Total other expense dipped 3.9% year over year to $1 billion due to lower employee costs, professional fees, marketing and business development expenses.

Synchrony Financial Price and EPS Surprise

Synchrony Financial Price and EPS Surprise

Synchrony Financial price-eps-surprise | Synchrony Financial Quote

Sales Platforms Update

Retail Card


The company’s interest and fees on loans fell 12% year over year due to the sale of the Walmart consumer portfolio.

Loan receivables were up 2% while the average active accounts declined 10%.

Payment Solutions

Interest and fees on loans rose 3% year over year on the back of loan receivables growth. Loan receivables augmented 3% year over year.

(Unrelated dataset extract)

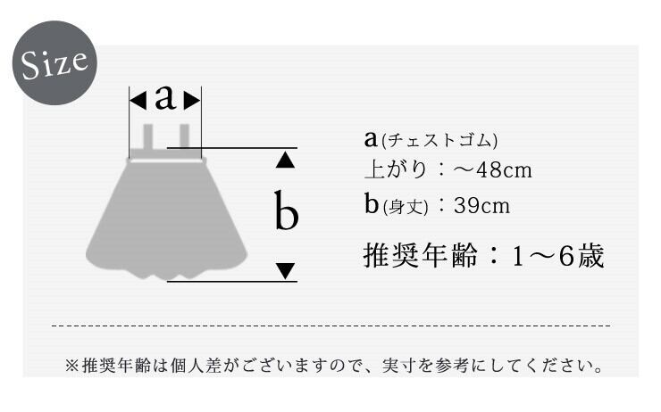 サイズ:ワンサイズ チェストゴム上がり:〜48cm 丈:39cm 0~6歳

Purchase volume expanded 2% while average active account rose 2%.

CareCredit

Interest and fees on loans increased 9% year over year, attributable to higher loans receivables.

Loan receivables grew 7% year over year on the back of dental and veterinary.

While purchase volume registered 2% growth, the average active account reported a 5% rise.

Financial Position

Total assets as of Mar 31, 2020 were $98 billion, down 7% year over year.

Total borrowings as of Mar 31, 2020 were $17.2 billion, down 21.2% from the year-ago quarter.

The company’s balance sheet was consistently strong during the reported quarter with total liquidity of $24.8 billion reflecting 25.3% of the total assets.

While return on assets was 1.1%, the return on equity was 9.1%.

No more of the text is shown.